Researchers at the University of Michigan have developed software that hunts for flaws in chips and proposes the best way to fix them. Their approach tackles a growing problem for chip makers such as AMD and Intel. As transistors shrink and chips acquire more-complex designs, hardware bugs are becoming more prevalent. Currently, it can take up to a year to debug prototype chips and get them ready for mass production. The new software could shorten the time it takes to get a chip to market, cut costs by reducing the number of prototypes and testing cycles, and ultimately yield chips with fewer flaws.
“This is still an unsolved problem,” says Rob Rutenbar, a professor of electrical and computer engineering at Carnegie Mellon University, who adds that there is very little scientific literature on debugging silicon. “Intel might have some sophisticated technology, but they’re not talking about it. For all we know, people are doing it by hand,” Rutenbar says. “The sense that I get is that it’s not very well automated.”
Debugging by hand leaves more room for error. “Pretty much all chips, including microprocessors, are buggy,” says Igor Markov, a professor of electrical engineering and computer science at the University of Michigan. Intel’s website, for instance, lists about 130 known hardware bugs on commercial laptops. Most can be fixed with software downloads, but about 20 of them can’t be, Markov says, and they leave machines vulnerable to viruses.
Markov and his colleague Valeria Bertacco, professor of electrical engineering and computer science at Michigan, developed software that tackles the bug-fixing problem after the first round of prototypes has come back to the chip maker. “When you have a first version of a chip, it’s not ready to give to the consumer,” says Bertacco. Engineers need to try to run operating systems and software on it to see if it works, and this process can take anywhere from a couple of hours to a week, depending on the number of flaws in the chips.
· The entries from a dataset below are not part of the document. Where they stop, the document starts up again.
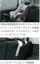 ロアアンカレッジで車両限定型ISOFIXチャイルドシートの取り付けが確実・容易。さらにチャイルドシートをより確実に固定するためのトップテザーアンカレッジを装備し、万一の衝突時、チャイルドシートの前方移動を効果的に抑制します。
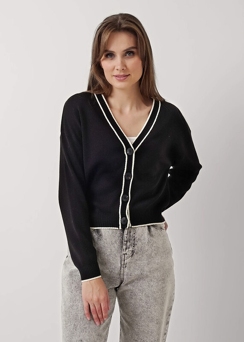 Вязаный жакет из вискозной пряжи с добавлением акрила, основное переплетение гладь.Спущенная линия плеча, V-образный вырез горловины, по горловине и борту планка с застежкой на пуговицы. По низу изделия и рукавов манжеты.
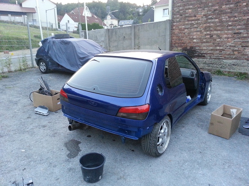 hat was, wobei ich nicht so auf helle a-bretter stehe. hier mal zwei pics von heute. scheiben sind drin. heckklappe dran und angeschlossen, kabel verlegt, a, b, c-säulen dran.
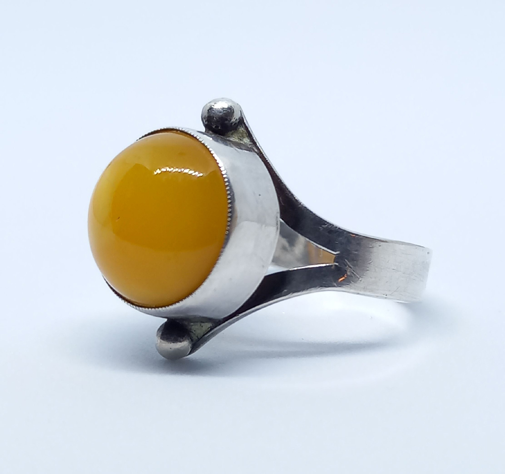 Pierścionek srebrny z bursztynem, Wytwórnia Wyrobów Bursztynowych, lata 70. XX wieku
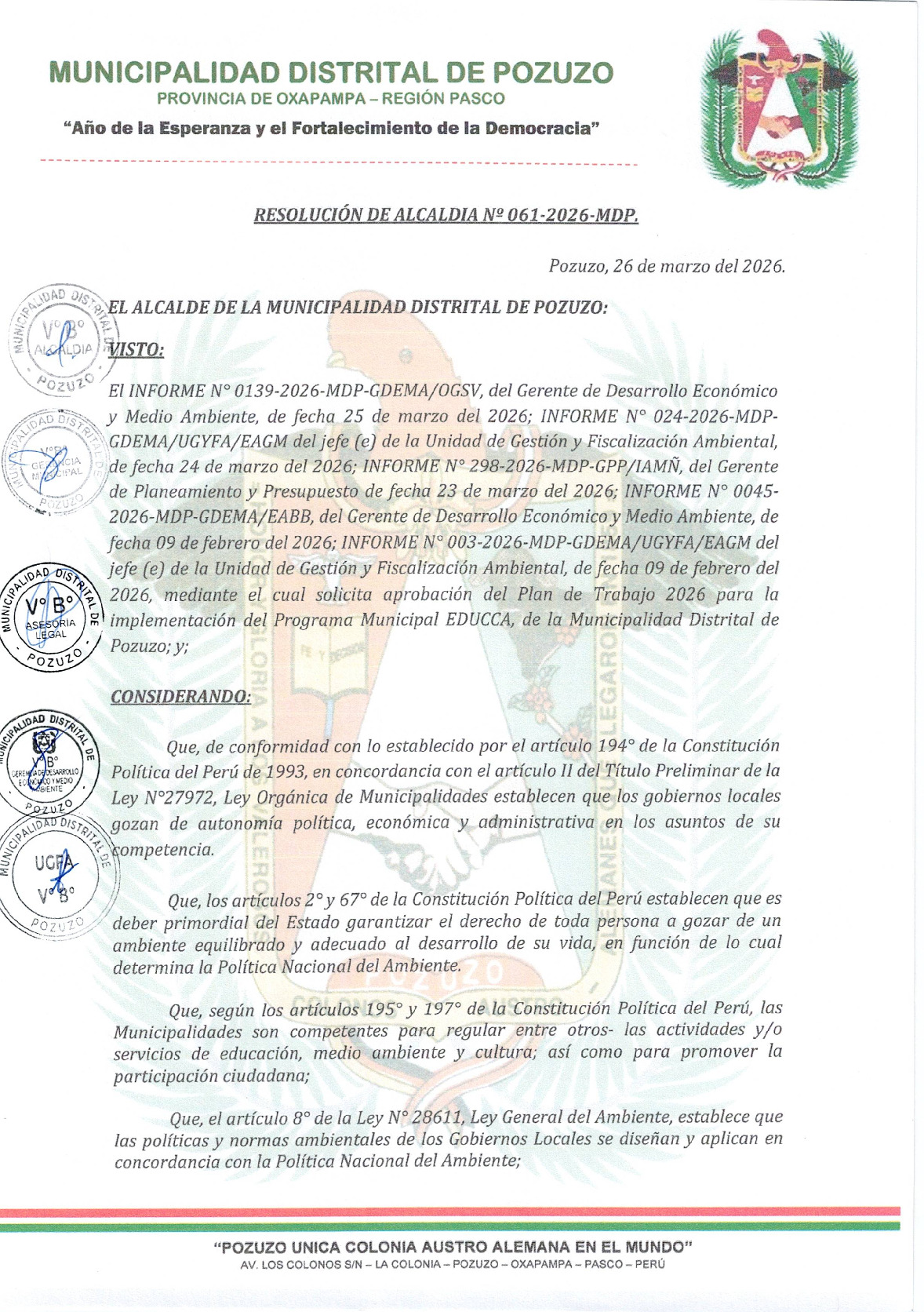 La presente Resolución de Alcaldía aprueba el Plan de Trabajo 2026 del Programa Municipal de Educación, Cultura y Ciudadanía Ambiental de la Municipalidad Distrital de Pozuzo - Oxapampa (Pasco), con la finalidad de definir las actividades de educación, cultura y ciudadanía ambiental que se desarrollarán en la localidad durante el presente año.
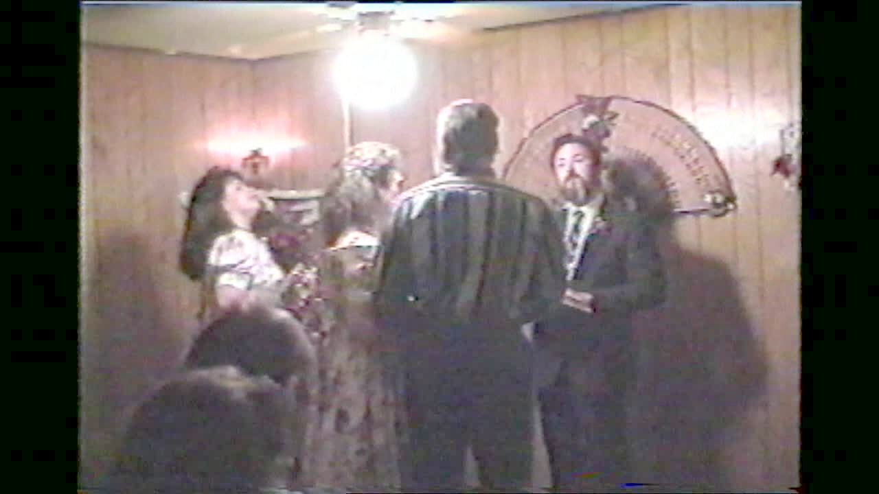 A wedding officiant drops a wedding ring into a lake as he stands with the bride and groom on a rock. The officiant and the groom hold a man's legs as he retrieves the ring from a rock below and the guests cheer. All talent cleared except the woman in the snow cap shown at the end.
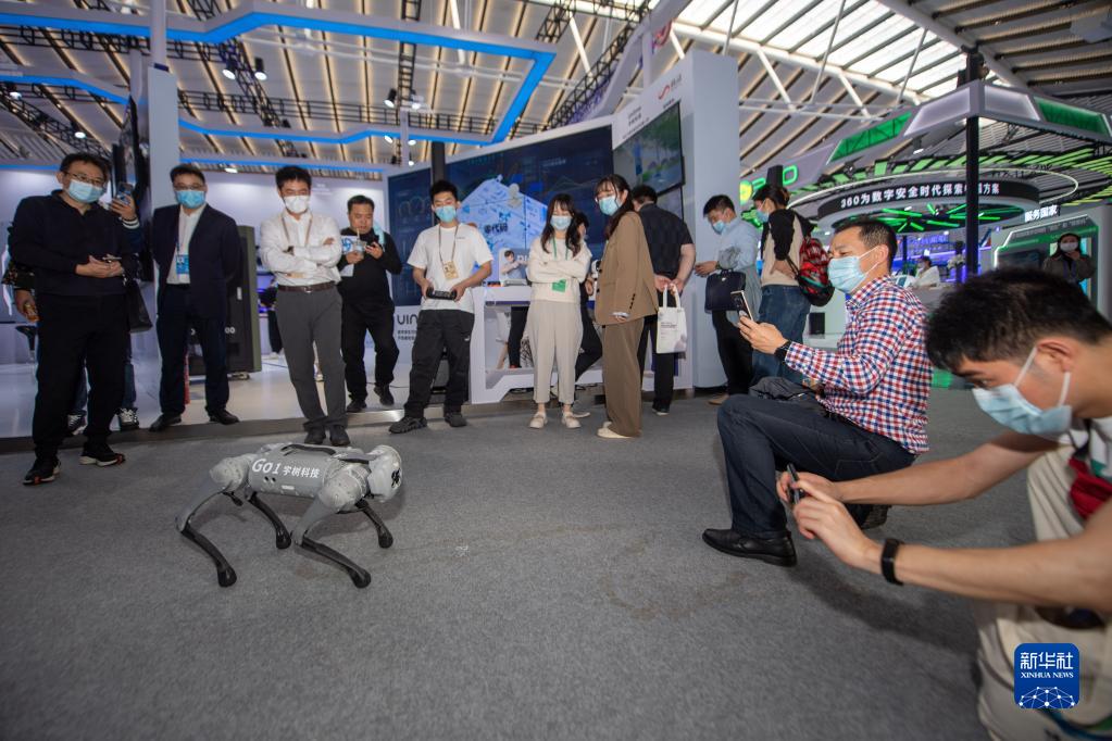 11月10日,觀(guān)眾在博覽會(huì )上參觀(guān)機器狗表演。
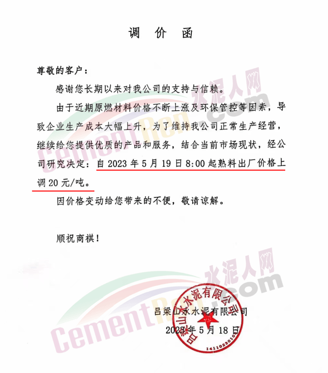 山西晉興奧隆建材有限責任公司銷售公司通知,因近期原材料價格持續上漲、環保投入加大、能耗雙控及錯峰生產等因素,造成公司生產成本增加。根據當前的市場情況,公司自2023年5月19日零時起將熟料價格在現行價格基礎上上調30元/噸。
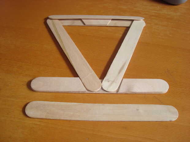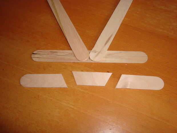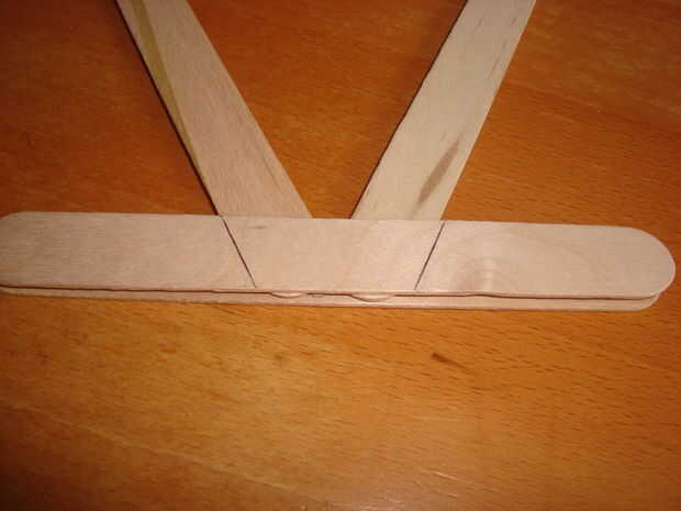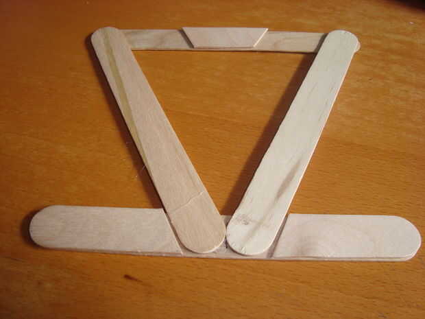 Cortar el palo de polo y el pegamento las dos piezas frontales hacia abajo y el pequeño pedazo medio pegamento en el centro en la parte posterior, finalmente pega otro palo sobre el frente y volver a crear una base muy fuerte
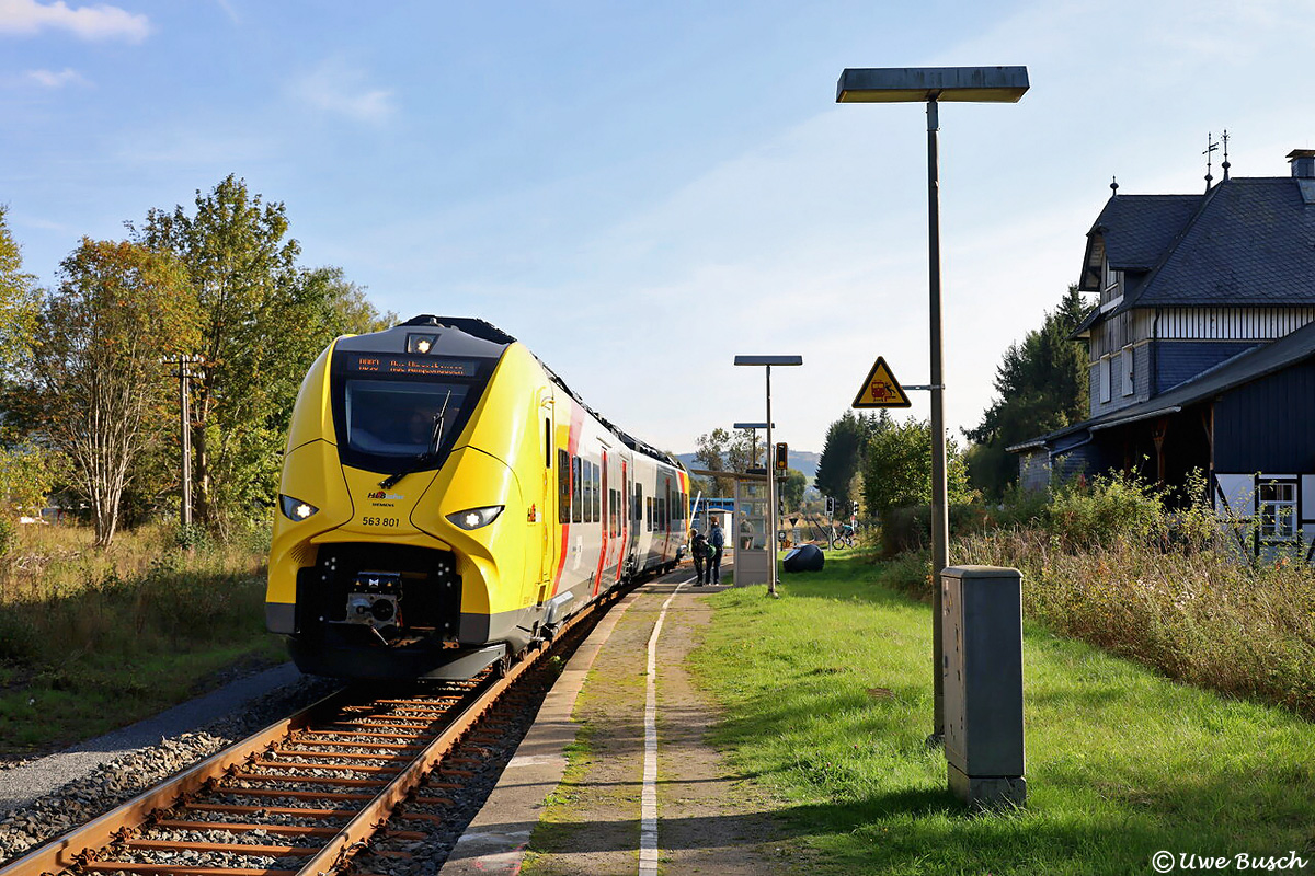 Am 02. Oktober 2025 verkehrte erstmalig ein BEMU auf der Strecke Kreuztal – Erndtebrück – Aue-Wingeshausen (wegen Brückenschäden Abschnitt Aue – Bad Berleburg längerfristig gesperrt). Der 563 801 ⁄ 563 901 der Hessischen Landesbahn (Siemens Mireo Plus B) fuhr das Zugpaar HLB 61820 ⁄ 61827 Betzdorf - Aue-Wingeshausen und zurück. Uwe Busch erwartete den HLB 61820 unter anderem in Birkelbach mit der Kamera, wie dieses Bild zeigt.

“It’s very hard to figure out what is wrong,” Bertacco says. And once an engineer has identified a bug–which can be anything from wires spaced too closely together to misplaced transistors–it’s not always clear what the best fix will be. Often, engineers repair one problem only to discover in the next round of prototypes that their solutions have inadvertently added other flaws. Prototypes can take months to build, and they are expensive: changing the designs on the masks used to pattern layers of transistors and wires on the chips costs millions of dollars.
Currently, when a prototype comes back to a chip maker, engineers hook it up to electrical probes that send electrical signals through it and record the output, explains Bertacco. Different signals go to different parts of the chip, and by trying out thousands of signals, engineers can usually locate a problem. Then they propose a series of possible solutions. Sometimes they simply need to remove a connection between two wires in one of the upper layers of the chip. This can be done using equipment readily available in the lab, and the chip can quickly be retested. Other times, fixes are needed at lower layers within the chip, where the transistors make up logic gates. These transistors can’t be so easily adjusted and retested.